What you have to do: The lines below, from the one holding "星光大赏金靖当晚,金靖身着蓝" through the one holding "Teens 3/4 sleeved", are to be restated word for word, with all images left out.

The data:

=== Begin Enclosure ===

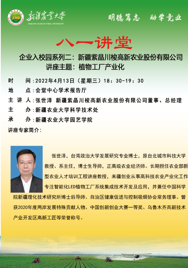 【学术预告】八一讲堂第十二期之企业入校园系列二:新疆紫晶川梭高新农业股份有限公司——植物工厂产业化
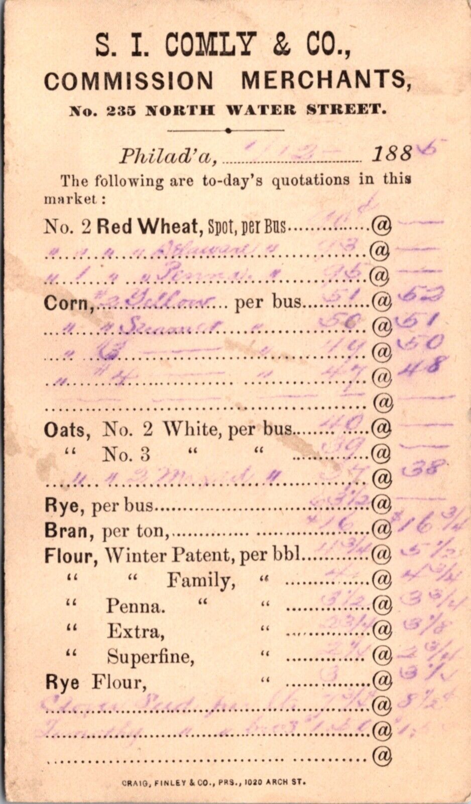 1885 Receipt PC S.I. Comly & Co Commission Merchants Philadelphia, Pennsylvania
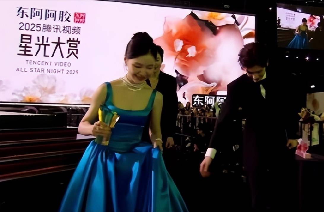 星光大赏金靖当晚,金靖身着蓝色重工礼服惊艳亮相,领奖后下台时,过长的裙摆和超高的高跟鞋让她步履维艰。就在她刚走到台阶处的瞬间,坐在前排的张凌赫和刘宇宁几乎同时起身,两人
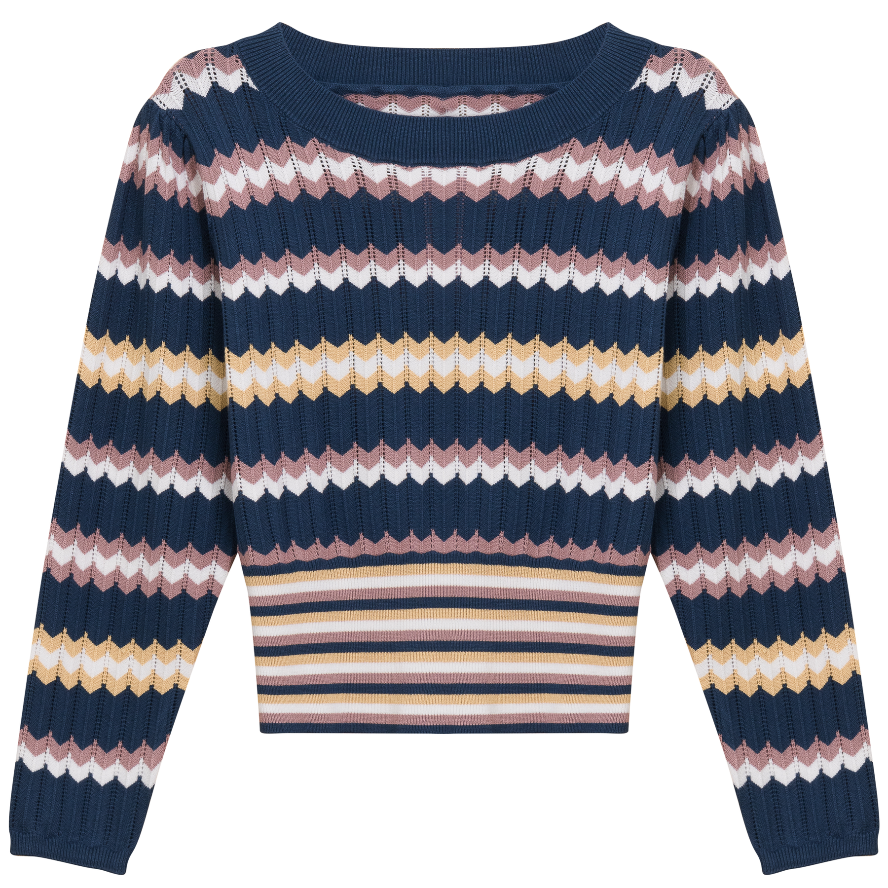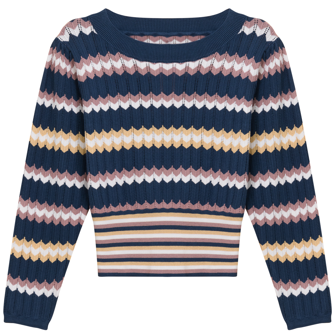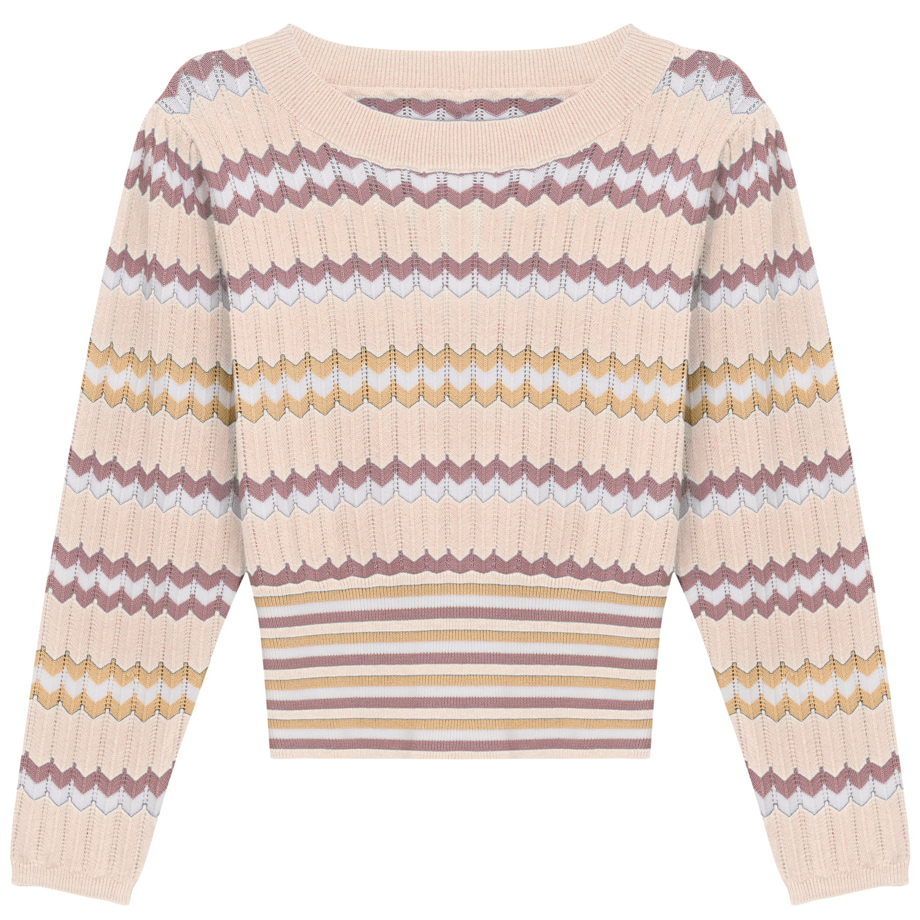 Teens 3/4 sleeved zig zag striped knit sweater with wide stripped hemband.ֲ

=== End Enclosure ===
=== Begin Enclosure ===

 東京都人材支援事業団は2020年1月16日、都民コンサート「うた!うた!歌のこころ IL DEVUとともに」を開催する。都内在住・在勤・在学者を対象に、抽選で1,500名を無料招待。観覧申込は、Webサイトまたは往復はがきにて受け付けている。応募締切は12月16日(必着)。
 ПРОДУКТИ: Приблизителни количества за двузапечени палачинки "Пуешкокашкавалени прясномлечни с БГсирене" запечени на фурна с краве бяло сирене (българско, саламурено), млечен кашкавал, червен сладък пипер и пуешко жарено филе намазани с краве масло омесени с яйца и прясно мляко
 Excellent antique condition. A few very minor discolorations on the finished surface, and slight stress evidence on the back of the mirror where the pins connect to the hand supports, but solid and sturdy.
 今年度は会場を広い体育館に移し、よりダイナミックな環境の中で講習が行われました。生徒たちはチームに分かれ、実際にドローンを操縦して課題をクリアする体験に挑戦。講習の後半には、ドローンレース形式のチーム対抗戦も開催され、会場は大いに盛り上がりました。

=== End Enclosure ===

Final answer:
 星光大赏金靖当晚,金靖身着蓝色重工礼服惊艳亮相,领奖后下台时,过长的裙摆和超高的高跟鞋让她步履维艰。就在她刚走到台阶处的瞬间,坐在前排的张凌赫和刘宇宁几乎同时起身,两人
 Teens 3/4 sleeved zig zag striped knit sweater with wide stripped hemband.ֲ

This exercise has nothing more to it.